The sklearn implementation of Lasso that can force non-negative weights (as in this answer) is based on the coordinate descent algorithm. You can reimplement it, using for example coordinate-wise Newton method. For simplicity, I did not inclide intercept into the model:
import numpy as np
# generate the data
np.random.seed(1)
n = 1000
X = np.random.normal(size=(n, 5))
y = np.dot(X, [0,0,1,2,3]) + np.random.normal(size=n, scale=3)

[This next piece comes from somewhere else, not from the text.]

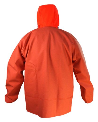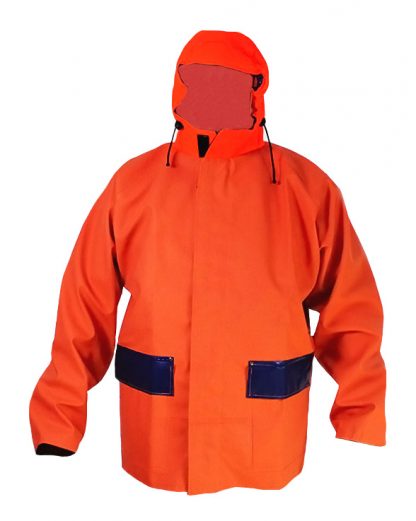 Chaqueta Beluga abierta color naranja, con cremallera de carro de plástico para evitar la oxidación. Recubierta con forro plástico para evitar la humedad del algodón del interior.

# initial solution (with some negative weights):
beta = np.dot(np.linalg.inv(np.dot(X.transpose(),X)), np.dot(X.transpose(), y))
print(beta)
# clip the solution from below with zero
prev_beta = beta.copy()
beta = np.maximum(beta, 1)
# improve the solution by restricted coordinate-wise Newton descent
hessian = np.dot(X.transpose(), X)
while not (prev_beta == beta).all():
prev_beta = beta.copy()
for i in range(len(beta)):
grad = np.dot(np.dot(X,beta)-y, X)
beta[i] = np.maximum(0, beta[i] - grad[i] / hessian[i,i])
print(beta)
This code will output initial and final beta's:
[-0.01404546 -0.02633036 1.06028543 1.99696564 2.93511618]
[ 0. 0. 1.05919989 1.99673774 2.93442334]
You can see that OLS beta differ from your optimal beta not only in the first two coefficients (that have been negative), but the rest of coefficients were also adjusted.